Practical Tips for Kafka Partitioning, Compression, Retention, and Swimlanes
Kafka is widely used in distributed environments. It's very important to understand a few things in detail.
1) How many partitions kafka topic should have :
In kafka, as you know partition is unit of parallelism. I have seen that while creating topic, first question comes to mind , how many partitions topic should have. Confluent has given a formula for this
max(t/p, t/c) partitions, where:
t = target throughput
p = measured throughput on a single production partition
c = consumption
but it's really difficult to figure out target throughput when you actually think about scale. This is bit difficult formula to apply, because we need to consider many factors those can impact throughput. Like if replication is synchronous then we will get less throughput, similarly if compression is used or not . If yes then which one , so and on so forth. Generally, I take the below basic things into consideration and then I do load test
I get the details of replication factor and broker size being used in production , and then I start load testing in dev environment with same configuration. Generally I start with 8 partitions, and then observe, am I getting real time updates or not , or is system able to sustain ? if not then I try to increase number of partitions and also apply other optimisations.But we should not have too many partitions because More partitions requires more open file handles.
Each partition maps to a directory in the file system in the broker.So, the more partitions, the higher that one needs to configure the open file handle limit in the underlying operating system. But if we are using managed services in cloud , then it may not be possible to change this limit.
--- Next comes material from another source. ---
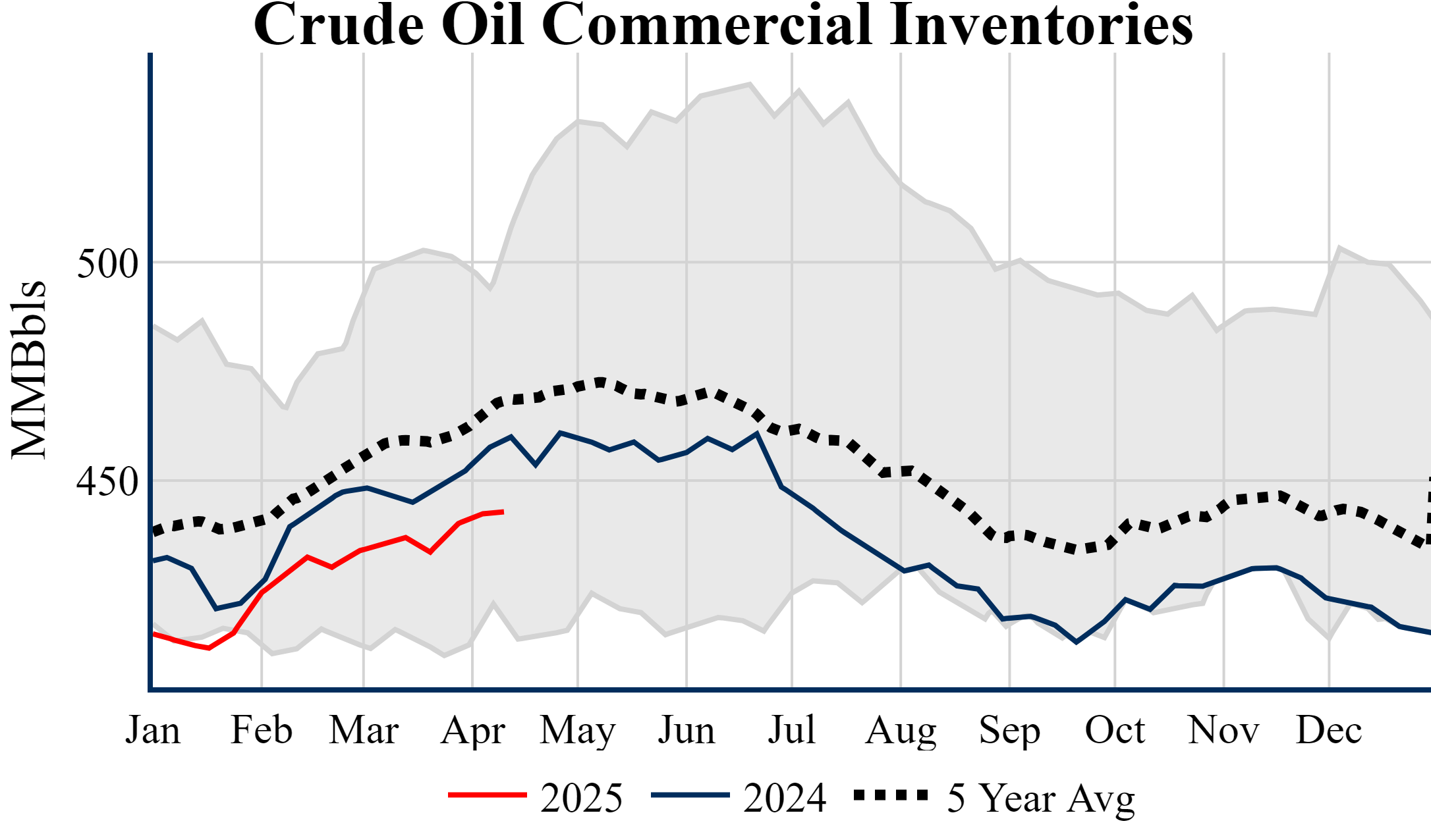 Inventories for the U.S. are now at a deficit of 16.40 MMBbls (-3.6%) to last year, and a deficit of 25.50 MMBbls (-5.4%) to the five-year average.

2) Compression: There is high message volume, large message size and limited network bandwidth then go for compression , so that network bandwidth can be optimised. In most of the cases, compression works well, but yes as compression comes into picture then there is CPU overhead.
3) retention period : The retention period determines how long Kafka will retain messages in a topic before they are eligible for deletion. Don't forget to set appropriate value to "retention.ms" at topic level. I have seen that if we don't set the correct value, then Kafka brokers' disk gets full, and the broker goes down, causing the entire cluster to go into a toss. This results in production escalations.
领英推荐
4) Kafka Swimlanes : This is not the term used by Kafka open source community, but Hubspot introduced this to handle imbalanced traffic.
In case of Hubspot, multiple customers were using same topic. So if there is sudden burst of traffic from particular customer then it will build up lag and introduce delays. The fundamental problem here is that all of traffic, for all of customers, is being produced to the same queue.
If there is sudden burst of traffic that’s coming in faster than the real time swimlane can accommodate, then excess traffic will be sent to the overflow swimlane. Now when to send to overflow traffic will be decided at source based on rate limiter.